### Your task
Please write the listing below out again exactly, leaving every picture behind.

### Information shown
/---
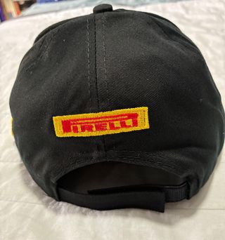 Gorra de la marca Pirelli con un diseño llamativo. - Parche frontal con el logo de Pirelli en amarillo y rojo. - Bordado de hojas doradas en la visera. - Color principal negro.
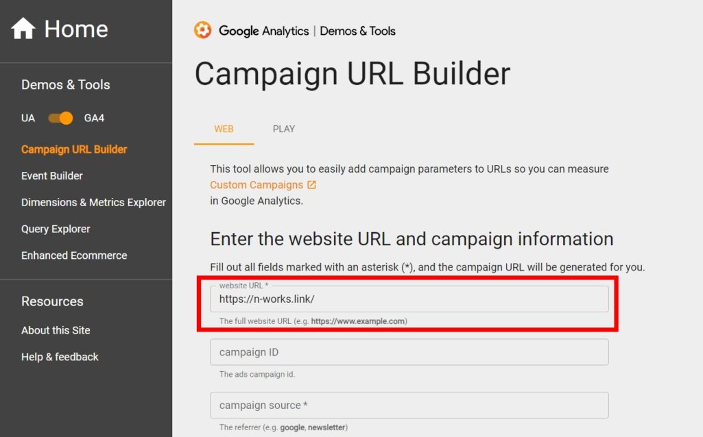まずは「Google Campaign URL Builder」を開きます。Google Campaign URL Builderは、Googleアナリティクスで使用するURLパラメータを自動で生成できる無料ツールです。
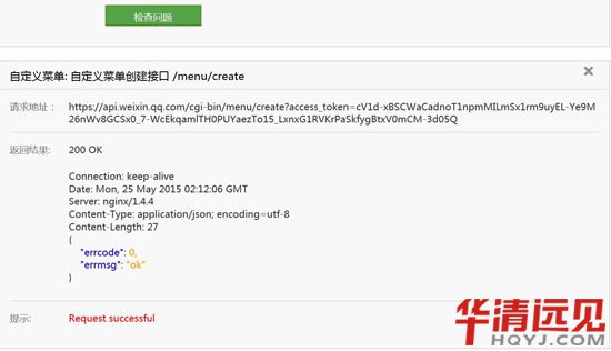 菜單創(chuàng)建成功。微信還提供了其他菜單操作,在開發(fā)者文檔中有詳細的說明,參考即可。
\---
### Output below
 Gorra de la marca Pirelli con un diseño llamativo. - Parche frontal con el logo de Pirelli en amarillo y rojo. - Bordado de hojas doradas en la visera. - Color principal negro.
まずは「Google Campaign URL Builder」を開きます。Google Campaign URL Builderは、Googleアナリティクスで使用するURLパラメータを自動で生成できる無料ツールです。
 菜單創(chuàng)建成功。微信還提供了其他菜單操作,在開發(fā)者文檔中有詳細的說明,參考即可。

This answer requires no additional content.